WHAT TO WORK ON – All lines below between the line with "#ganni #paljett #burgunder" and the line with "Tekirdağ’ın Çorlu ilçesinde", including both, must be copied exactly, and the pictures must be omitted.

-=-=-

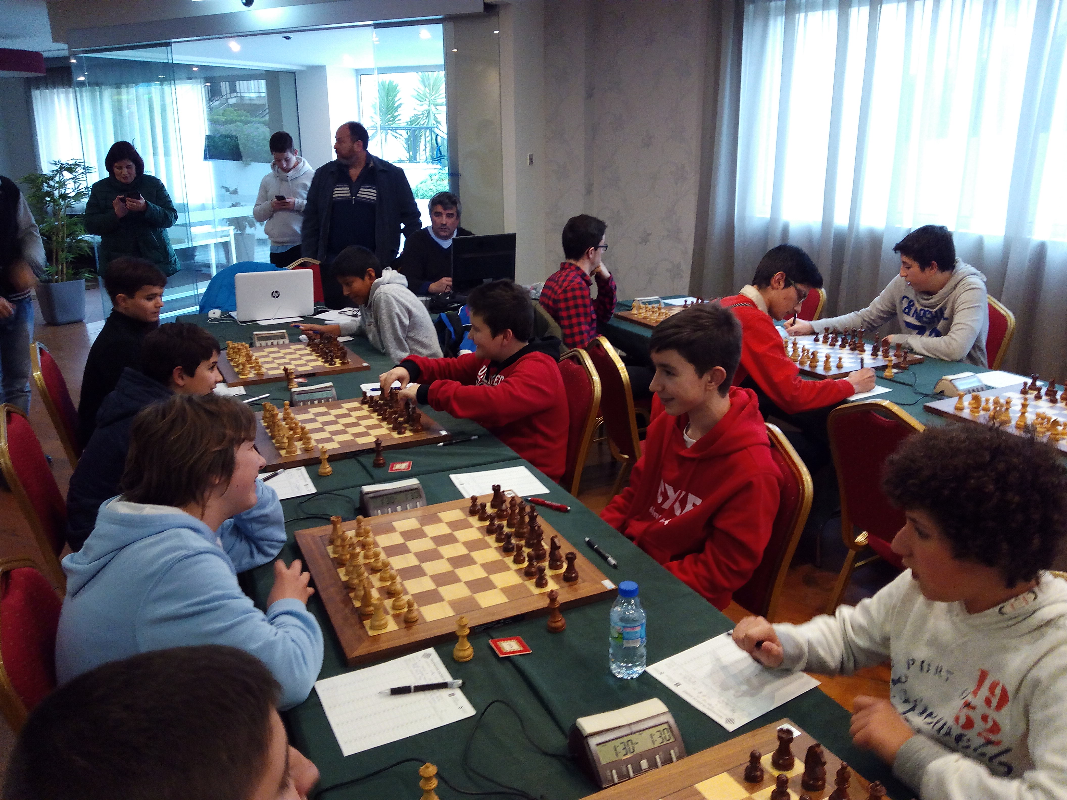 Segunda jornada de los campeonatos gallegos en Viveiro. En sub-14 teníamos un duelo en la cumbre entre Pablo y Andrés. El ataque indio de rey que jugaron llevó a una compleja partida en la que cada uno jugaba en un flanco. El ataque de Pablo hizo que la balanza cayese de su lado tras una larga partida. Miguel salía bastante bien de la apertura, tras plantear una variante Sevilla de la defensa Grunfeld en la mesa 2 ante Alfonso López. Sin embargo su prometedora posición se fue diluyendo, venciendo finalmente el ferrolano. Óscar y Ángel ganaron de manera convincente.
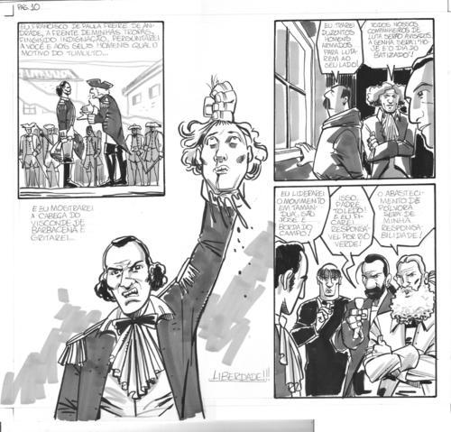 - Estamos também, produzindo em parceria com o André Diniz, velho amigo e parceiro de longa data, um material a ser lançado pela Escala Educacional, sobre a “Inconfidência Mineiraâ€. Na verdade, o Diniz está com uma produção grande de roteiros feitos para essa editora que foram distribuÃdos entre eu, Daniel Brandão, José Aguiar, Antonio Éder, fora o próprio Diniz que também está desenhando um roteiro seu. O roteiro do Diniz embora caminhe na parte educacional é ótimo, contando de uma maneira que só ele sabe levar toda a situação que envolveu este momento da história do Brasil.
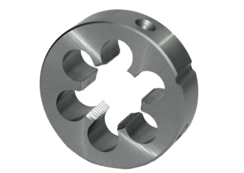 Narzynka HSS 800 zgodna z DIN-EN 22 568 nacina gwint metryczny zwykły. Materiał, z jakiego została zrobiona narzynka - wysokowydajna stal szybkotnąca - charakteryzuje się wysoką odpornością na zużycie. Narzynka jest przeznaczona do stali konstrukcyjnych węglowych, automatowych i niskostopowych o wytrzymałości 600MPa<=Rm<=800MPa. Przed użyciem narzynki należy na elemencie obrabianym wykonać sfazowanie 45° w celu uniknięcia większych obciążeń krawędzi tnących. Narzynka powinna być ustawiona prostopadle względem śruby. Aby obciążenie zębów podczas obróbki było niższe, średnica pręta musi by zawsze mniejsza niż średnica zewnętrzna gwintu na narzynce. Dane techniczne:
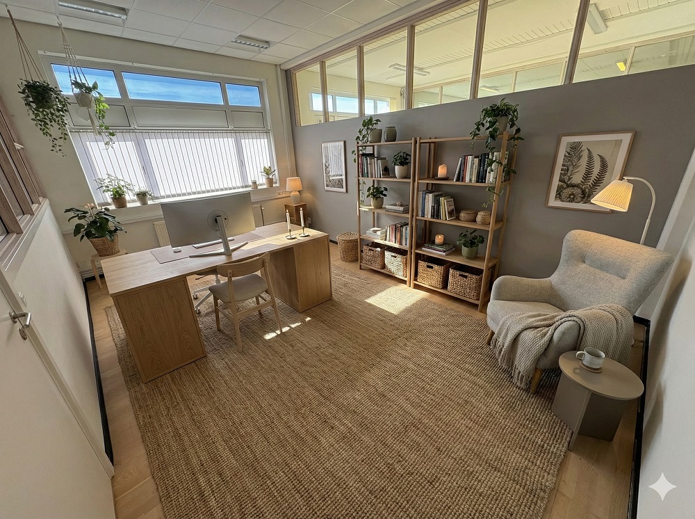 Kontorfællesskabet deles i dag med tre andre virksomheder, hvilket skaber et dynamisk og kreativt miljø.
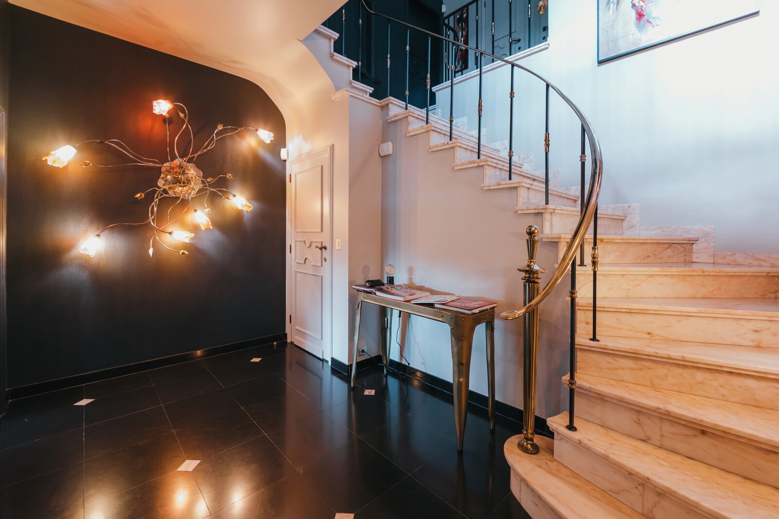 Hall d’entrée avec vestiaire et toilette : escalier en marbre de carrare
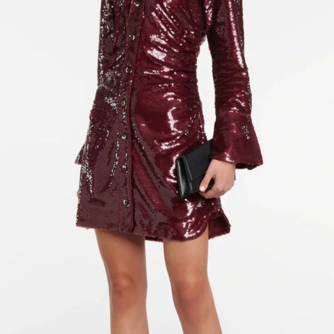 #ganni #paljett #burgunder #rød #fest #skjortekjole
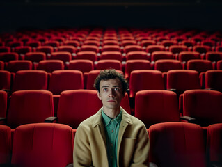 Generative AI illustration of young man sitting in a movie theater watching a movie
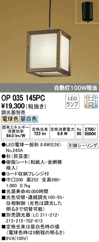 ODELIC ¥ª¡¼¥Ç¥ê¥Ã¥¯ ¥Ú¥ó¥À¥ó¥È¥é¥¤¥È OP035145PC
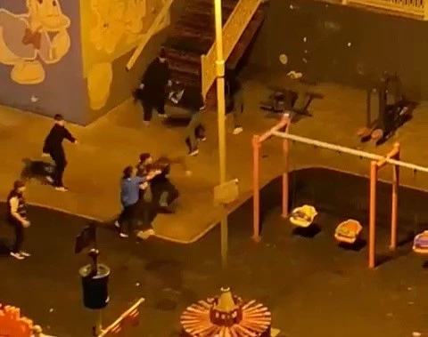 Tekirdağ’ın Çorlu ilçesinde bir çocuk parkında iki grup arasında çıkan tekmeli yumruklu kavga anı cep telefonu kamerasına yansıdı.
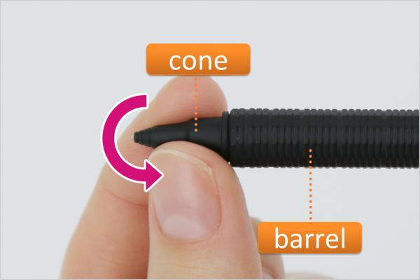 2. Push the tip into the pencil and twist the cone and separate it from the barrel
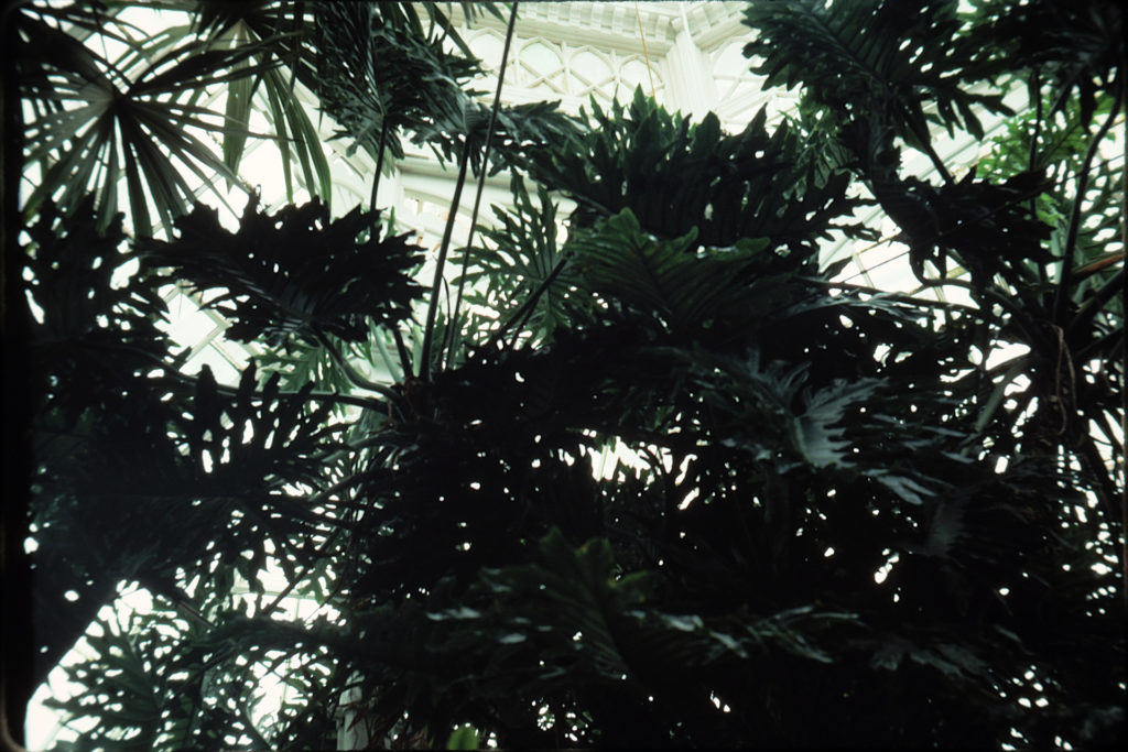 Das Foto zeigt im Übrigen auch die gewaltige Dynamik, also den Umfang der unterschiedlichen Belichtungen in einem Bild, die die analoge Fotografie hat. Um das Dia einigermaßen abzubilden, so dass es dem Eindruck im Projektor entspricht, war erheblicher Aufwand nötig. So musste ich drei digitale otos mit drei uneterschiedlichen Belichtungen machen und diese als „HDR“ zusammenfügen. Nur so lassen sich die Nuancen in den dunklen Teilen der Blätter und der Hintergrund des Glasdaches gemeinsam abbilden.
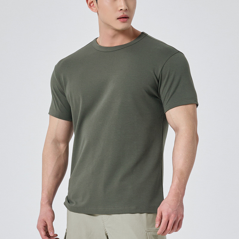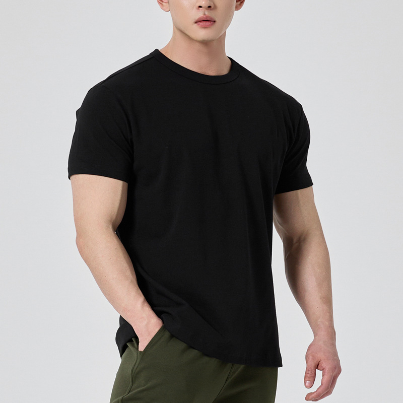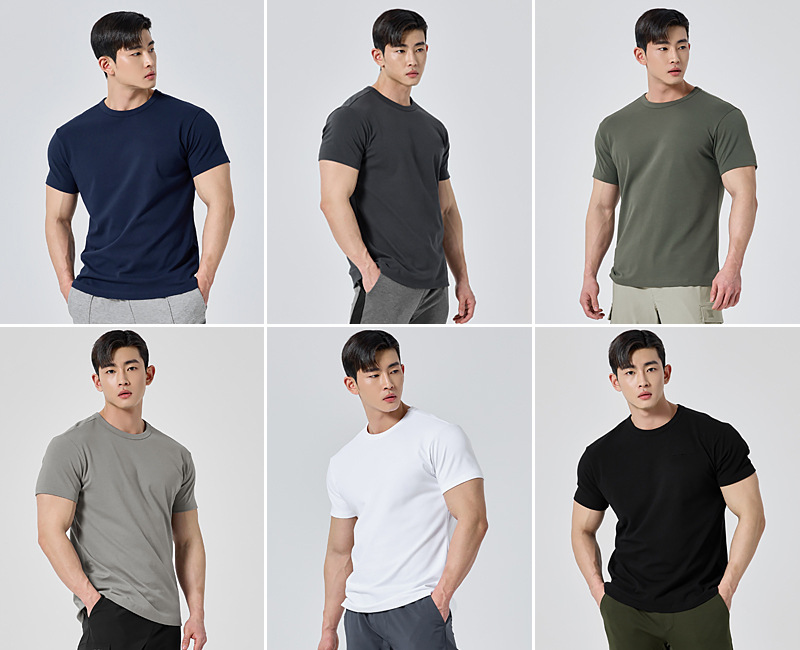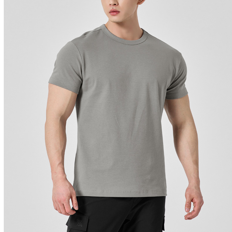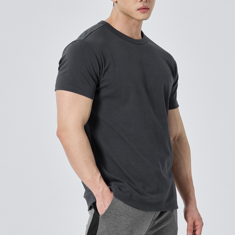 피트니스 스포츠 라운드 넥 남성용 짧은 소매 스트레칭 슬림 핏 슬림 핏 코튼 티셔츠 야외 운동 쿼터 슬리브스토어 가기
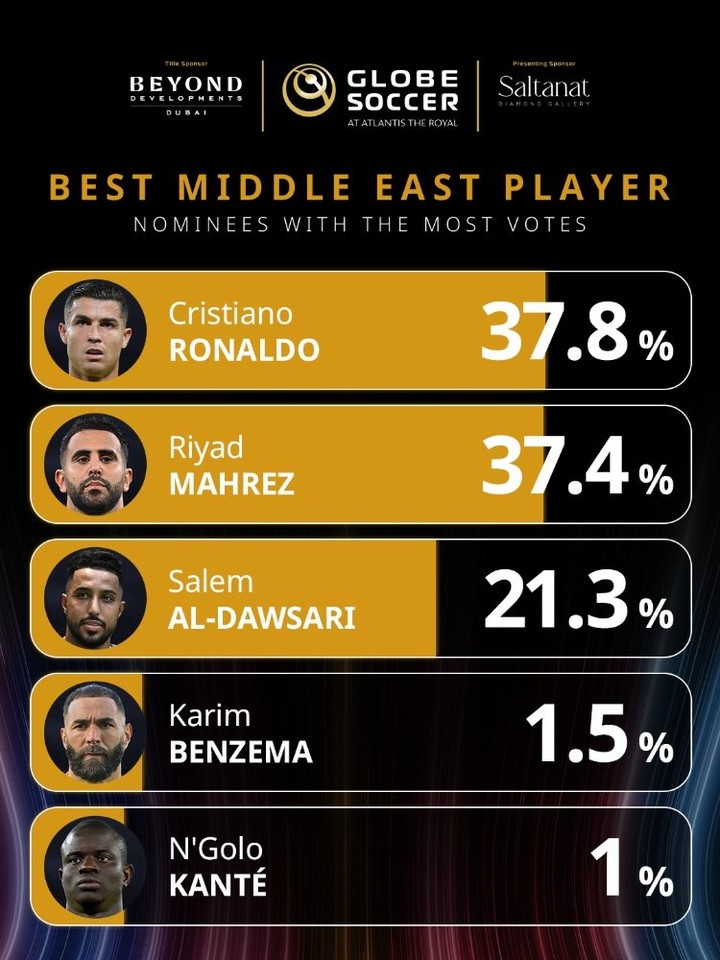 环足奖最佳中东球员投票:C罗37.8%领跑,本泽马
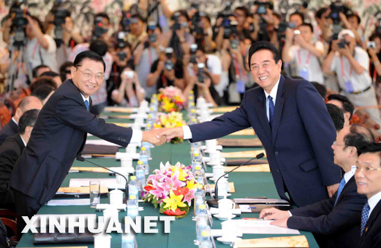 新華網北京6月12日電(記者陳鍵興)海峽兩岸關系協會會長陳云林與海峽交流基金會董事長江丙坤12日上午在釣魚臺國賓館舉行會談。這標志著中斷近10年的兩會協商談判正式恢復。
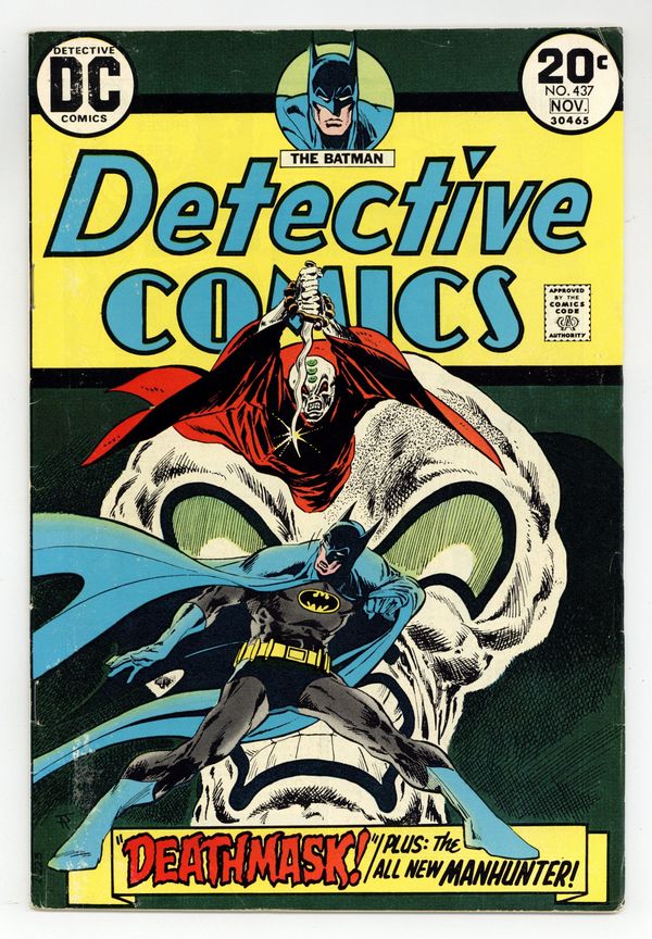 Cover by Jim Aparo. "Deathmask!", script by Archie Goodwin, art by Jim Aparo; An ancient mask of a South American god of death is worn by a succession of men driven by it to kill, and Batman must discover the reason why. Manhunter back-up stories begin with the acclaimed offering, "The Himalayan Incident," script by Archie Goodwin, art by Walter Simonson; Christine St. Clair, an Interpol agent, seeks a mysterious vigilante called Manhunter, aka Paul Kirk, a former big-game hunter; She learns from a man in Nepal of how Manhunter protected an idealistic anti-tyrant from assassination by a group of clones of Manhunter's, and then leaves, not knowing that the man she spoke to was Manhunter himself in disguise. 36 pgs., full color. $0.20. Cover price $0.20.
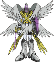 Seraphimon is one of the keepers of the golden Digi-Eggs, the other being Magnadramon. During the battle, Angewomon and Angemon warp digivolved into their Mega forms to release the Golden Digi-Eggs. After releasing them, the two Megas could not stay in this form and had to degenerate into Gatomon and Patamon. Digimon Hurricane Landing!!/Transcendent Evolution!! The Golden Digimentals
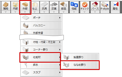 - 「外部」メニューから「化粧材」の「ななめ飾り」を選びます。
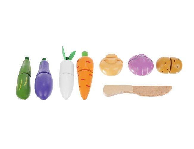 Изключително "вкусна" и цветна колекция от имитации на зеленчуци е прецизно изработена и нейните живи и сочни цветове влияят на естетическата стойност, привличат вниманието на детето и го насърчават към игра.
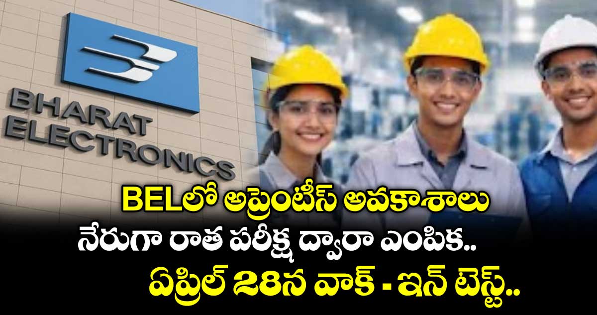 భారత్ ఎలక్ట్రానిక్స్ లిమిటెడ్ (బీఈఎల్) అప్రెంటీస్ ఖాళీల భర్తీకి నోటిఫికేషన్ విడుదల చేసింది. ఆసక్తి, అర్హత గల అభ్యర్థులు వాక్ ఇన్ టెస్టుకు హాజరుకావచ్చు.
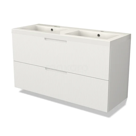 Modulo Bathroom furniture with sink | 120 cm Matte white Line front Mineral marble 2 Stacked drawers
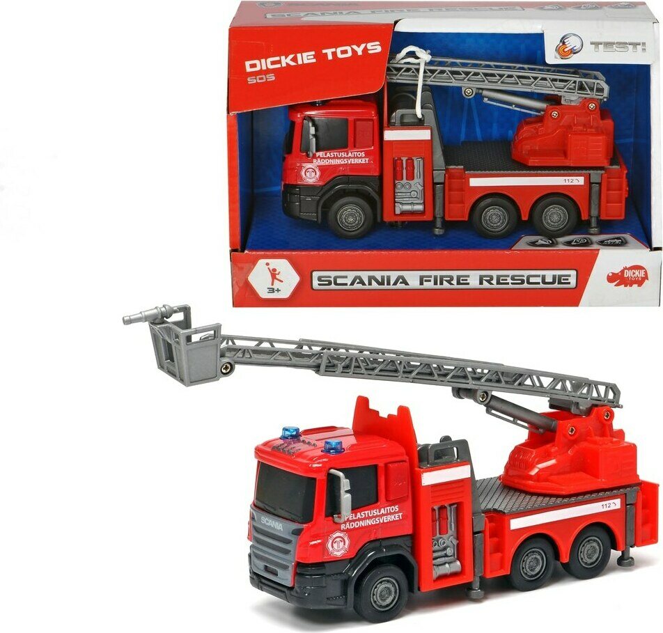 Dickie Toys paloauto äänillä ja vilkkuvilla valoilla. Ikäsuositus yli 3- vuotiaille. Paristot: 3x LR41 (testiparistot mukana)

-=-=-

WRITTEN RESPONSE –
 #ganni #paljett #burgunder #rød #fest #skjortekjole
 Generative AI illustration of young man sitting in a movie theater watching a movie
 ODELIC ¥ª¡¼¥Ç¥ê¥Ã¥¯ ¥Ú¥ó¥À¥ó¥È¥é¥¤¥È OP035145PC
 Tekirdağ’ın Çorlu ilçesinde bir çocuk parkında iki grup arasında çıkan tekmeli yumruklu kavga anı cep telefonu kamerasına yansıdı.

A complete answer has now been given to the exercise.